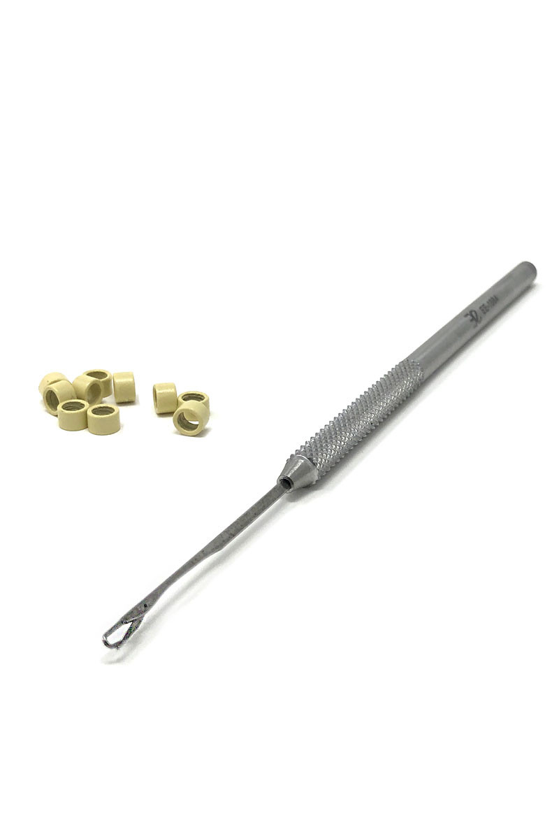 Aiuta a infilare le ciocche di capelli negli anellini di fissaggio in modo semplice e senza sforzo.
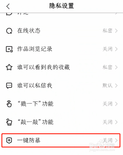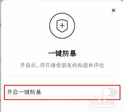 弹出如下图界面,选择开启一键防暴选项,点击打开后面的开关
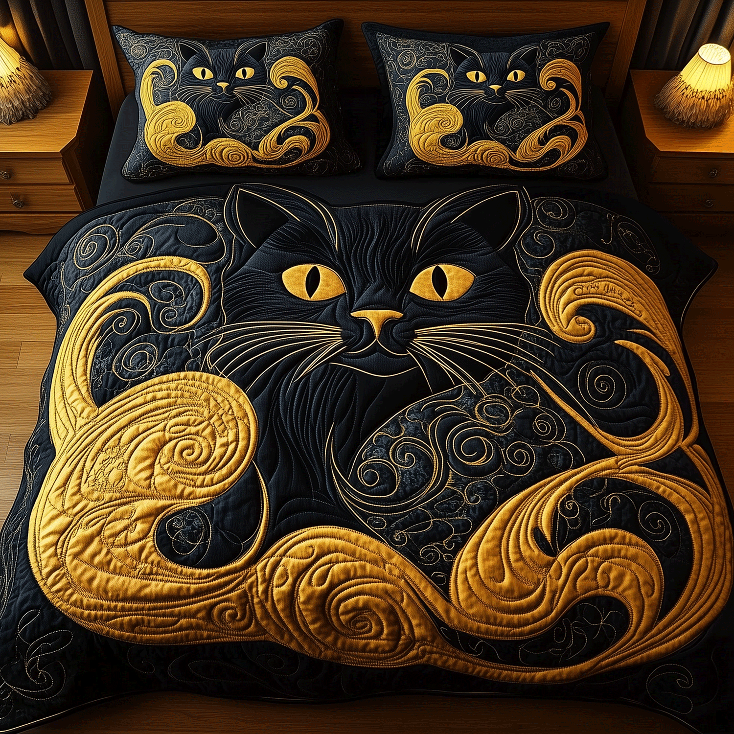 Feline Elegance 3-Piece Quilted Bedding Set NCU0TH2241
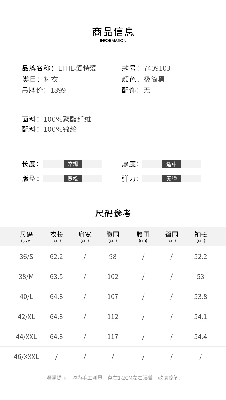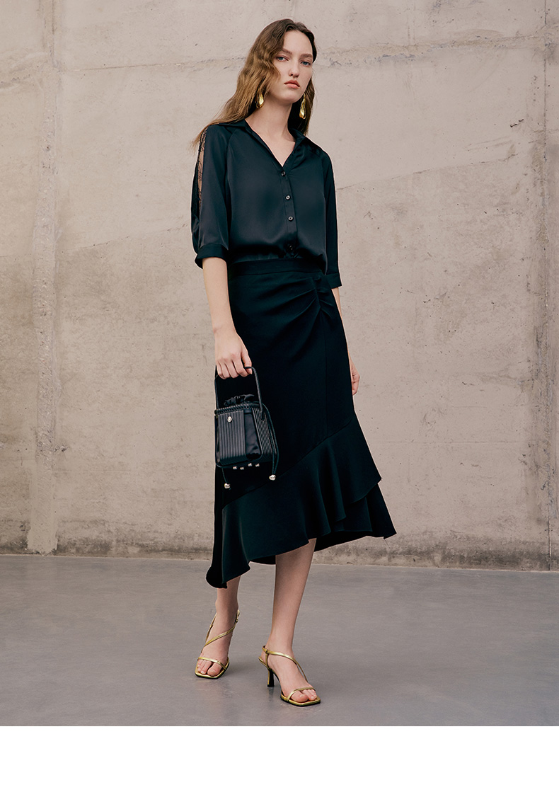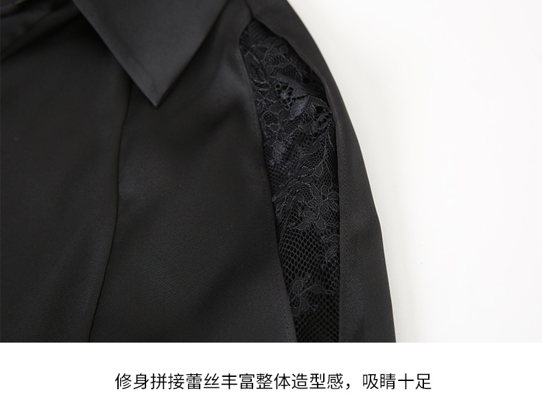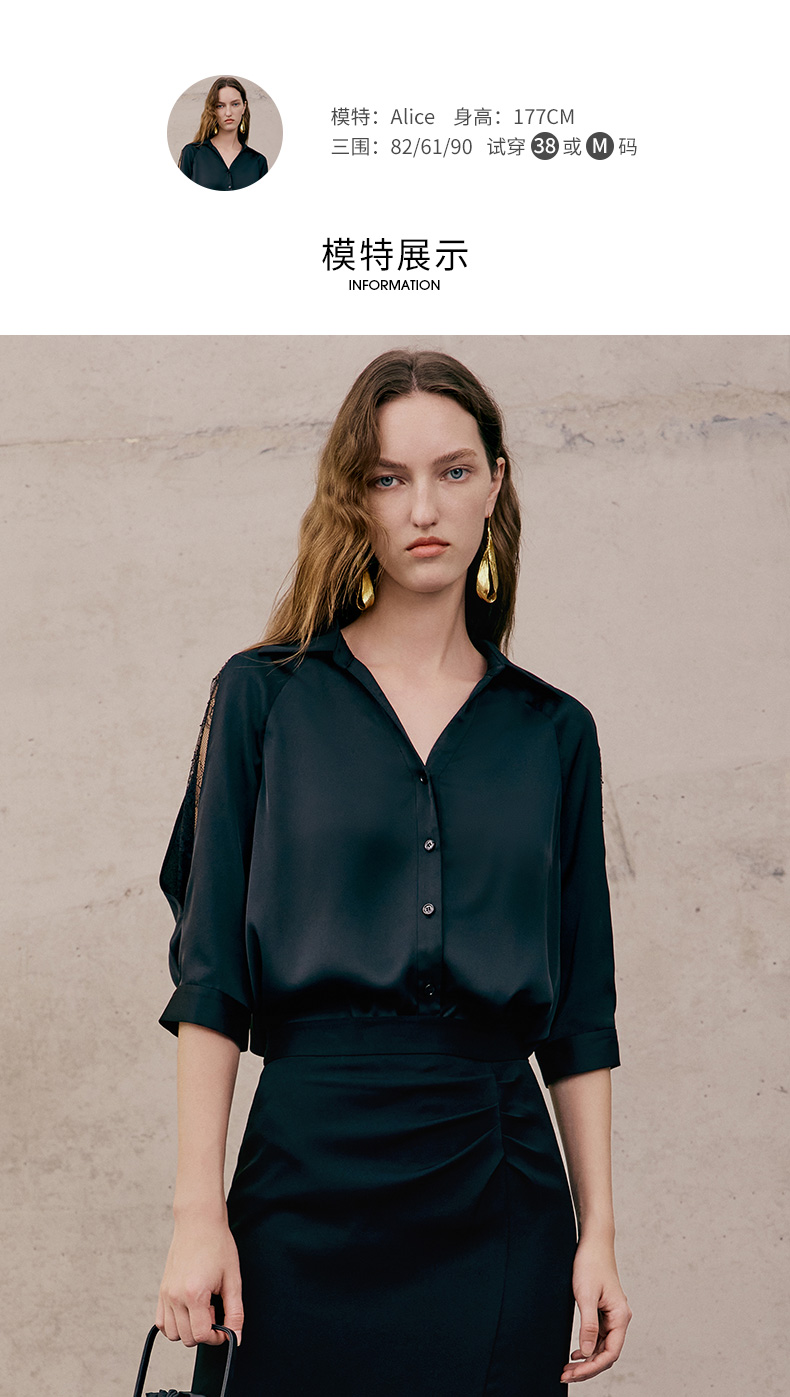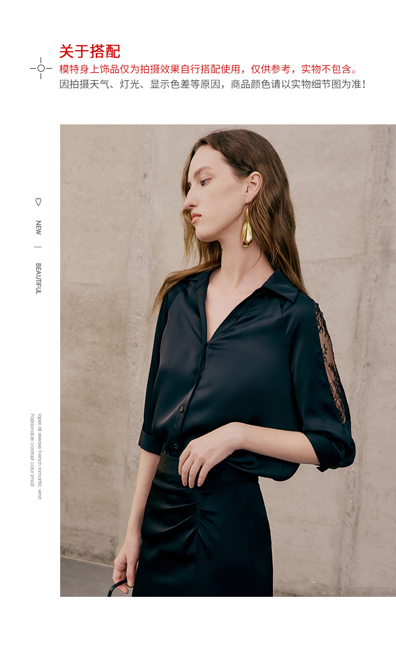 EITIE爱特爱夏季新款通勤干练职业时尚显瘦袖子蕾丝拼接衬衫女上衣7409103
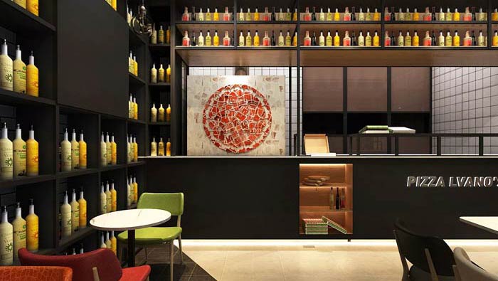 主題西餐廳進門區裝修設計:進門左側是吧臺,這是展示著各式各樣的披薩,將披薩放在空間的進門區域,是希望讓客戶在進門的第一瞬間,就被餐廳的美食所吸引。
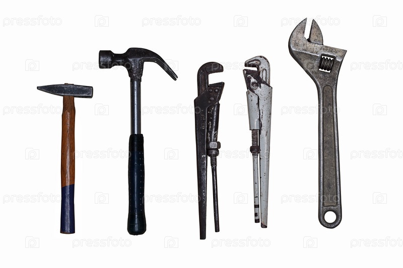 Набор изображений старинных рабочих инструментов
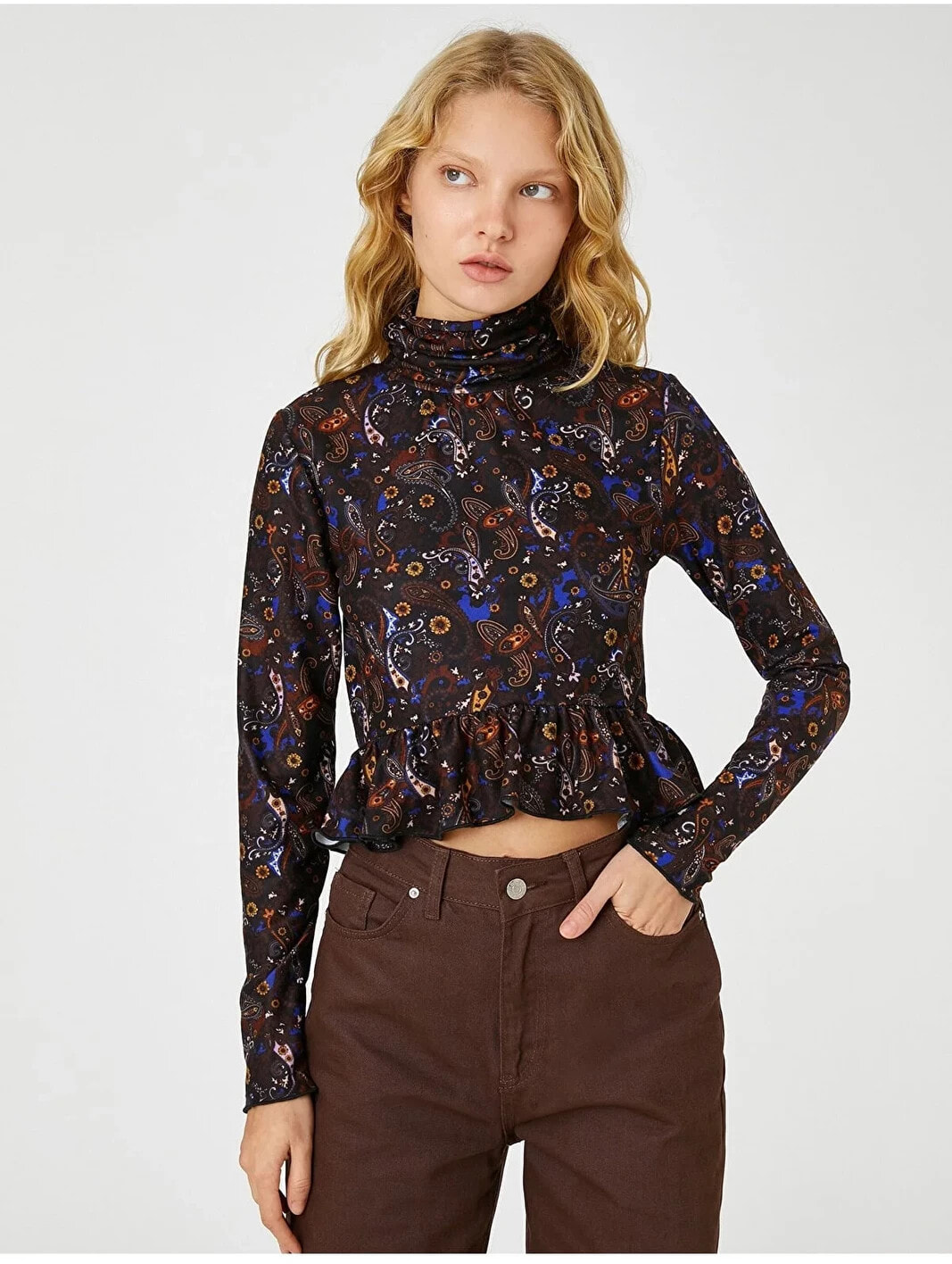 Tişört modasında trendleri yakalamayı ertelemeyin! Uzun kollu, metal aksesuarlı, pencere detaylı tişörtü kot pantolonlarınızla veya mini eteklerinizle kombinleyebilirsiniz.
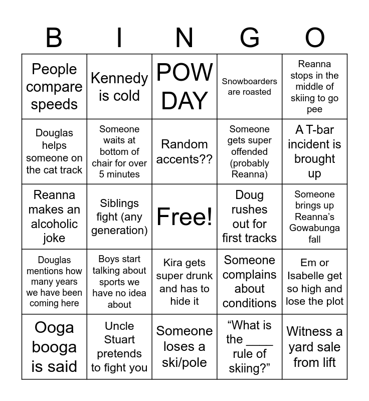 This bingo card has a free space and 24 words: Boys start talking about sports we have no idea about, Uncle Stuart pretends to fight you, Random accents??, Ooga booga is said, Reanna stops in the middle of skiing to go pee, People compare speeds, Douglas helps someone on the cat track, Kennedy is cold, Doug rushes out for first tracks, Kira gets super drunk and has to hide it, Someone gets super offended (probably Reanna), Reanna makes an alcoholic joke, Someone complains about conditions, Em or Isabelle get so high and lose the plot, Someone waits at bottom of chair for over 5 minutes, “What is the ____ rule of skiing?”, Someone brings up Reanna’s Gowabunga fall, POW DAY, A T-bar incident is brought up, Siblings fight (any generation), Witness a yard sale from lift, Douglas mentions how many years we have been coming here, Snowboarders are roasted and Someone loses a ski/pole.
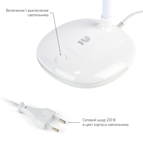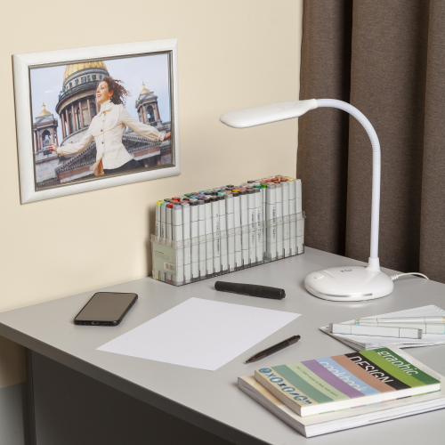 Настольный светильник ЭРА NLED-477-8W-W со светодиодами (LED) в качестве источников света. У светильника выключатель на основании. Это базовая модель с оптимальным универсальным дизайном хорошей для работы за столом высоты (40 см). Гибкая стойка позволяет выбирать наиболее комфортное направление света.
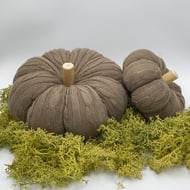 Made with soft cotton fabric and filled with hypoallergenic polyester filling, each pumpkin is plush, lightweight, and safe for all spaces. The driftwood stick on top provides a natural, rustic accent that beautifully contrasts with the soft beige tones, making them a versatile and stylish addition to your fall decor collection.
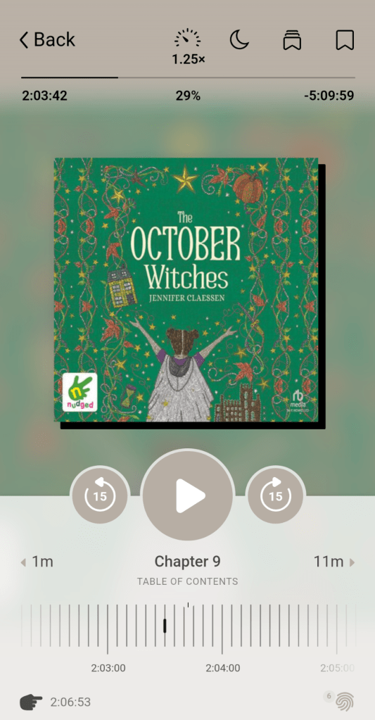 The last book on my list (I think I started it a couple of weeks ago, but I don’t really remember), is my only audiobook on this list. The book is The October Witches by Jennifer Claessen. I borrowed this book from my library using the Libby app. I haven’t listened to much of it so far, but it is quite fun. There are lots of different characters to get to know, which feels a little confusing in the beginning, but I think I’ll get the hang of it soon.

= = =

- [Description of the task] Exactly the lines from the one containing "Tişört modasında trendleri" through the end of the data above: repeat those, both ends included, and nothing else. Skip the pictures.

- [Reply to the task]
 Tişört modasında trendleri yakalamayı ertelemeyin! Uzun kollu, metal aksesuarlı, pencere detaylı tişörtü kot pantolonlarınızla veya mini eteklerinizle kombinleyebilirsiniz.
 This bingo card has a free space and 24 words: Boys start talking about sports we have no idea about, Uncle Stuart pretends to fight you, Random accents??, Ooga booga is said, Reanna stops in the middle of skiing to go pee, People compare speeds, Douglas helps someone on the cat track, Kennedy is cold, Doug rushes out for first tracks, Kira gets super drunk and has to hide it, Someone gets super offended (probably Reanna), Reanna makes an alcoholic joke, Someone complains about conditions, Em or Isabelle get so high and lose the plot, Someone waits at bottom of chair for over 5 minutes, “What is the ____ rule of skiing?”, Someone brings up Reanna’s Gowabunga fall, POW DAY, A T-bar incident is brought up, Siblings fight (any generation), Witness a yard sale from lift, Douglas mentions how many years we have been coming here, Snowboarders are roasted and Someone loses a ski/pole.
 Настольный светильник ЭРА NLED-477-8W-W со светодиодами (LED) в качестве источников света. У светильника выключатель на основании. Это базовая модель с оптимальным универсальным дизайном хорошей для работы за столом высоты (40 см). Гибкая стойка позволяет выбирать наиболее комфортное направление света.
 Made with soft cotton fabric and filled with hypoallergenic polyester filling, each pumpkin is plush, lightweight, and safe for all spaces. The driftwood stick on top provides a natural, rustic accent that beautifully contrasts with the soft beige tones, making them a versatile and stylish addition to your fall decor collection.
 The last book on my list (I think I started it a couple of weeks ago, but I don’t really remember), is my only audiobook on this list. The book is The October Witches by Jennifer Claessen. I borrowed this book from my library using the Libby app. I haven’t listened to much of it so far, but it is quite fun. There are lots of different characters to get to know, which feels a little confusing in the beginning, but I think I’ll get the hang of it soon.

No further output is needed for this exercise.